▸ **DATA SECTION**

* * * * *

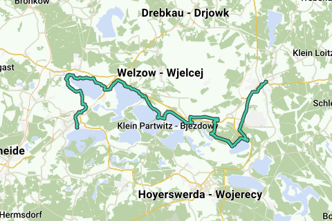 Percorso: Senftenberg, Reppist, Großräschen, Lieske, Partwitz, Bluno, Sabrodt, Spreetal, Schwarze Pumpe, Spremberg
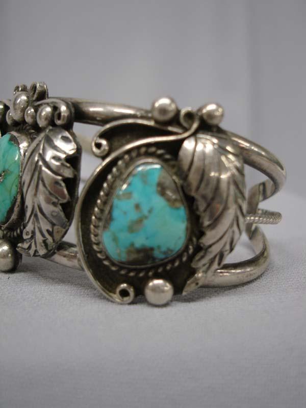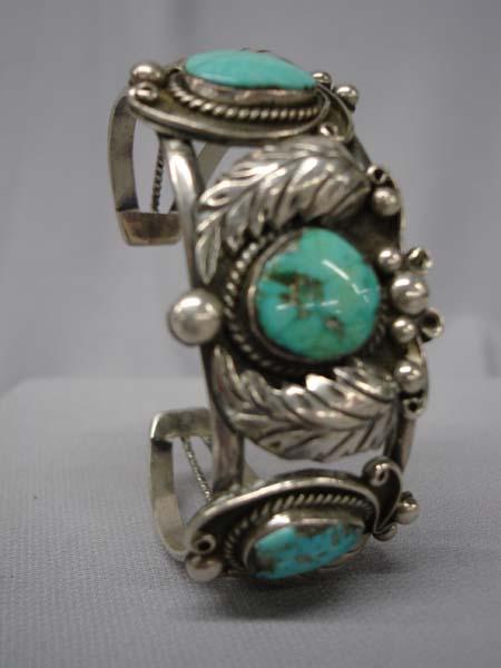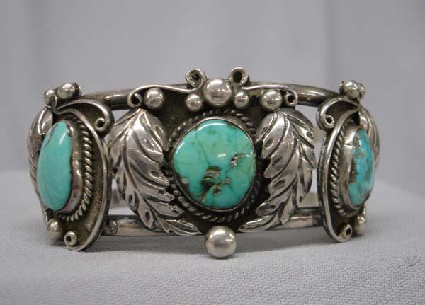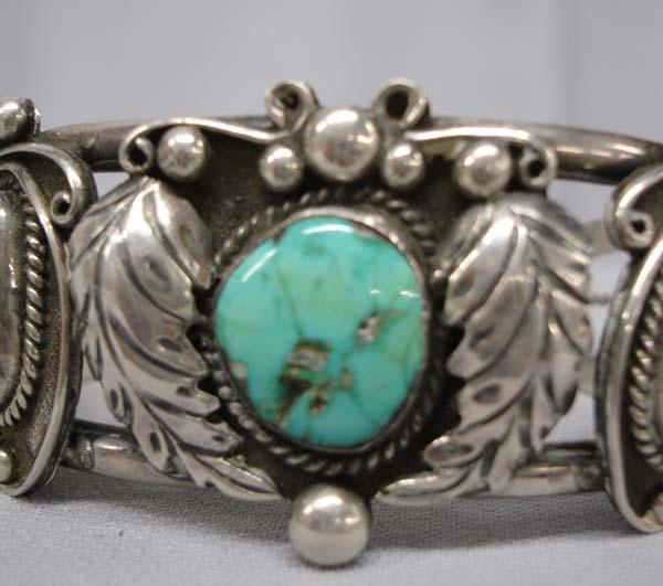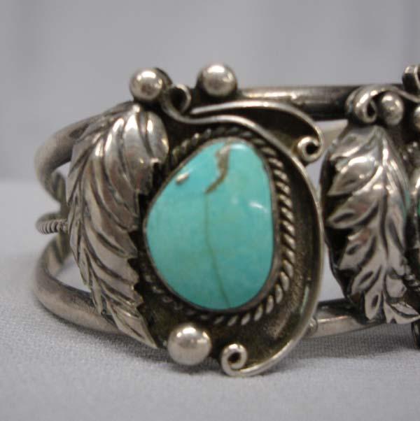 Native American Navajo Silver & Nevada Turquoise Bracelet by -K, Hallmarked, 2 stones are cracked, Inside measures 6.75'' x 1.25''W. Buyers Pay Actual Shipping and Handling Charges(see terms and conditions for more information).
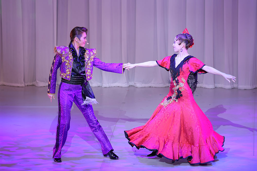 そして大阪で103年の歴史を持つ歌劇団「OSK日本歌劇団」は、トップスター・翼和希さんを筆頭に、この日のためだけのスペシャルレビューショーで魅了。きらびやかなパフォーマンスや歌唱、ラインダンスで会場の空気を一気に華やかな世界へ染め上げていきます。OSK日本歌劇団の名物「桜咲く国」では、会場に駆けつけたファンも一緒になって“桜パラソル”を回してパフォーマンス。
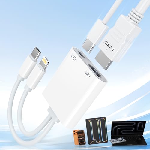 Aplimln [MFi Certified] HDMI Adapter for iPhone iPad, 1080P HDMI Cable Adapter Sync Screen Video & Audio Digital AV Converter with Charging Port on HDTV/Projector/Monitor (No Power Need)

* * * * *

Reproduce, word for word, the lines from the one containing "Native American Navajo" to the end of the material, both ends included. No picture is copied.

 Native American Navajo Silver & Nevada Turquoise Bracelet by -K, Hallmarked, 2 stones are cracked, Inside measures 6.75'' x 1.25''W. Buyers Pay Actual Shipping and Handling Charges(see terms and conditions for more information).
 そして大阪で103年の歴史を持つ歌劇団「OSK日本歌劇団」は、トップスター・翼和希さんを筆頭に、この日のためだけのスペシャルレビューショーで魅了。きらびやかなパフォーマンスや歌唱、ラインダンスで会場の空気を一気に華やかな世界へ染め上げていきます。OSK日本歌劇団の名物「桜咲く国」では、会場に駆けつけたファンも一緒になって“桜パラソル”を回してパフォーマンス。
 Aplimln [MFi Certified] HDMI Adapter for iPhone iPad, 1080P HDMI Cable Adapter Sync Screen Video & Audio Digital AV Converter with Charging Port on HDTV/Projector/Monitor (No Power Need)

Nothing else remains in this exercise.